De Afdeling bestuursrechtspraak van de Raad van State1 heeft aangegeven dat de Belastingdienst/Toeslagen binnen het geldende wettelijke kader ruimte heeft om bij een gedeeltelijke betaling van de kosten van kinderopvang tot een andere vaststelling van het recht op kinderopvangtoeslag te komen dan dit recht in dit geval op nihil vast te stellen. In dit besluit is aangegeven hoe de Belastingdienst/Toeslagen de kinderopvangtoeslag vaststelt als een ouder in een berekeningsjaar de kosten van kinderopvang gedeeltelijk heeft betaald. Daarnaast is invulling gegeven aan het begrip tijdige betaling van kosten voor kinderopvang en is een goedkeuring gegeven voor de situatie waarin de ouder een betalingsregeling heeft getroffen met de kinderopvangorganisatie.

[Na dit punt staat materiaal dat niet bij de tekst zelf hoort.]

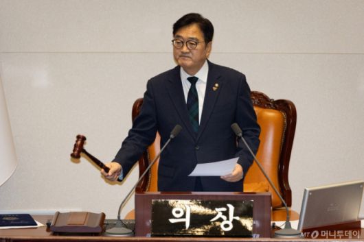 우원식 국회의장이 15일 서울 여의도 국회에서 열린 제431회 국회(임시회) 제1차 본회의에서 의사봉을 두드리고 있다. /사진=뉴스1 |

Gebruikte begrippen en afkortingen

2. Proportioneel vaststellen van kinderopvangtoeslag

[Regeling vervallen per 23-04-2020]

Een ouder heeft aanspraak op kinderopvangtoeslag in de door hem of zijn partner te betalen kosten voor kinderopvang.2 De hoogte van de kinderopvangtoeslag is afhankelijk van de draagkracht van de ouder en de hoogte van de kosten van kinderopvang in het berekeningsjaar.3 De Belastingdienst/Toeslagen kan het recht op kinderopvangtoeslag anders dan op nihil vaststellen als de ouder een deel van de kosten van kinderopvang heeft betaald.

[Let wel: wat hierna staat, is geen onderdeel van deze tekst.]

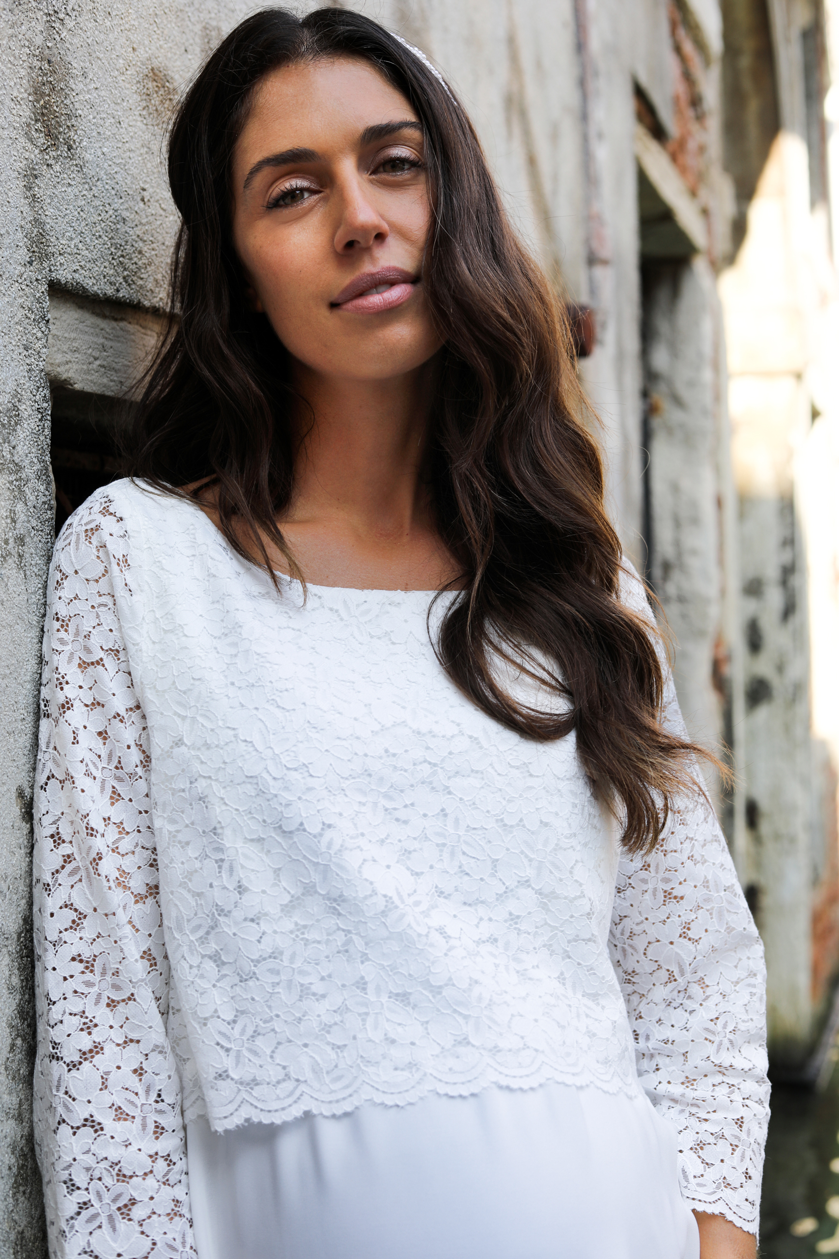 Umstandsbrautkleid mit Spitzenoberteil und transparenten 3/4 Ärmeln in A-Linie und Rundhalsausschnitt. Das Innenfutter aus weicher Viskose schmiegt sich angenehm an deine sensible Haut. Farbe: elfenbein

In die situatie stelt de Belastingdienst/Toeslagen het recht op kinderopvangtoeslag vast naar rato van het bedrag aan kosten dat de ouder tijdig heeft betaald aan de kinderopvangorganisatie.

Voorbeeld

Een kinderopvangorganisatie factureert € 10.000 voor de kosten voor kinderopvang in een berekeningsjaar. De ouder ontvangt € 9.000 (90%) aan voorschotten kinderopvangtoeslag. De eigen bijdrage is € 1.000. De Belastingdienst/Toeslagen constateert na afloop van het berekeningsjaar dat de ouder slechts € 9.500 van de gefactureerde € 10.000 heeft betaald aan de kinderopvangorganisatie. De schuld van de ouder aan de kinderopvangorganisatie bedraagt € 500.

De Belastingdienst/Toeslagen berekent in die situatie het definitieve recht op kinderopvangtoeslag op basis van € 9.500 aan kinderopvangkosten in plaats van € 10.000. Dit betekent dat het recht op kinderopvangtoeslag op € 8.550 (90%4 van € 9.500) wordt vastgesteld. Het terug te vorderen bedrag aan onverschuldigd betaalde kinderopvangtoeslag bedraagt in beginsel € 450 (€ 9.000 minus € 8.550). De schuld van de ouder aan de kinderopvangorganisatie blijft hierbij € 500.

3. Tijdige betaling van kosten aan een kinderopvangorganisatie

[Regeling vervallen per 23-04-2020]

3.1. Tijdige betaling aan een kinderopvangorganisatie

[Regeling vervallen per 23-04-2020]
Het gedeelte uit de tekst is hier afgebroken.